I have a data.table where one of the columns contains JSON. I am trying to extract the content so that each variable is a column.
library(jsonlite)
library(data.table)
df<-data.table(a=c('{"tag_id":"34","response_id":2}',
                   '{"tag_id":"4","response_id":1,"other":4}',
                   '{"tag_id":"34"}'),stringsAsFactors=F)
The desired result, that does not refer to the "other" variable:
   tag_id response_id 
1     "34"      2 
2     "4"       1 
3     "34"      NA
I have tried several versions of:
parseLog <- function(x){
  if (is.na(x))
    e=c(tag_id=NA,response_id=NA)
  else{
    j=fromJSON(x)
    e=c(tag_id=as.integer(j$tag_id),response_id=j$response_id)
  }
  e
}
that seems to work well to retrieve a list of vectors (or lists if c is replaced by list) but when I try to convert the list to data.table something doesn´t work as expected.
   parsed<-lapply(df$a,parseLog)
   rparsed<-do.call(rbind.data.frame,parsed)
   colnames(rparsed)<-c("tag_id","response_id")
Because of the missing value in the third row. How can I solve it in a R-ish clean way? How can I make that my parse method returns an NA for the missing value. Alternative, Is there a parameter "fill" like there is for rbind that can be used in rbind.data.frame or analogous method?
The dataset I am using has 11M rows so performance is important.
Additionally, there is an equivalent method to rbind.data.frame to obtain a data.table. How would that be used? When I check the documentation it refers me to rbindlist but it complains the parameter is not used and if call directly(without do.call it complains about the type of parsed):
rparsed<-do.call(rbindlist,fill=T,parsed)

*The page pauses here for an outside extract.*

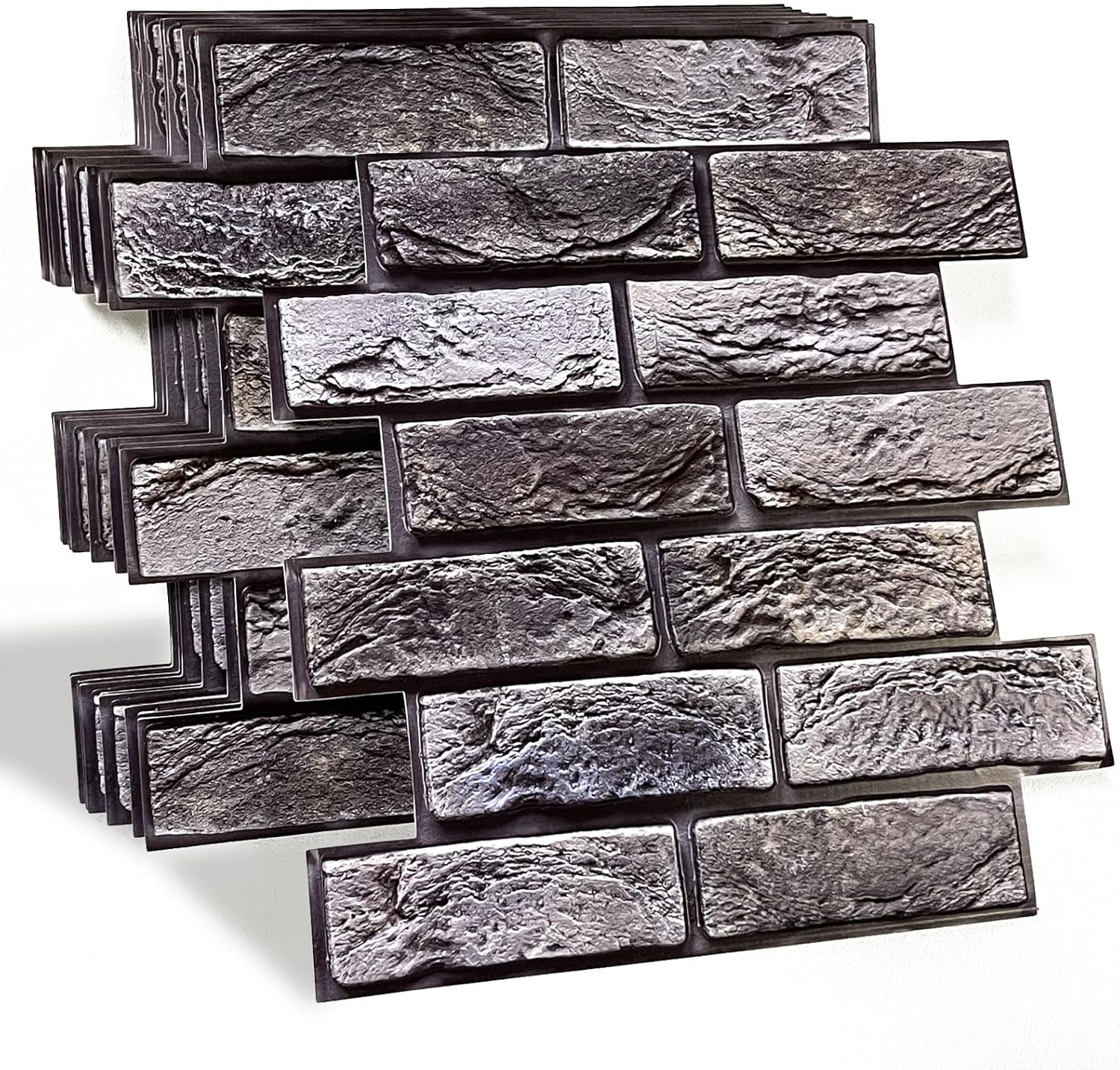 • REALISTIC 3D BRICK DESIGN: featuring a vintage brick pattern with 3D visual effects and texture, these faux brick wall panels add a retro aesthetic that instantly enhances the style and atmosphere of any room,(Note: The individual brick is smaller than actual brick, Size 4.8" x 1.7".)

EDIT: The case I need to cover is more general, in a set of 11M records all the possible circumstances happen:
df<-data.table(a=c('{"tag_id":"34","response_id":2}',
                   '{"trash":"34","useless":2}',                          
                   '{"tag_id":"4","response_id":1,"other":4}',
                   NA,
                   '{"response_id":"34"}', 
                   '{"tag_id":"34"}'),stringsAsFactors=F)
and the output should only contain tag_id and response_id columns.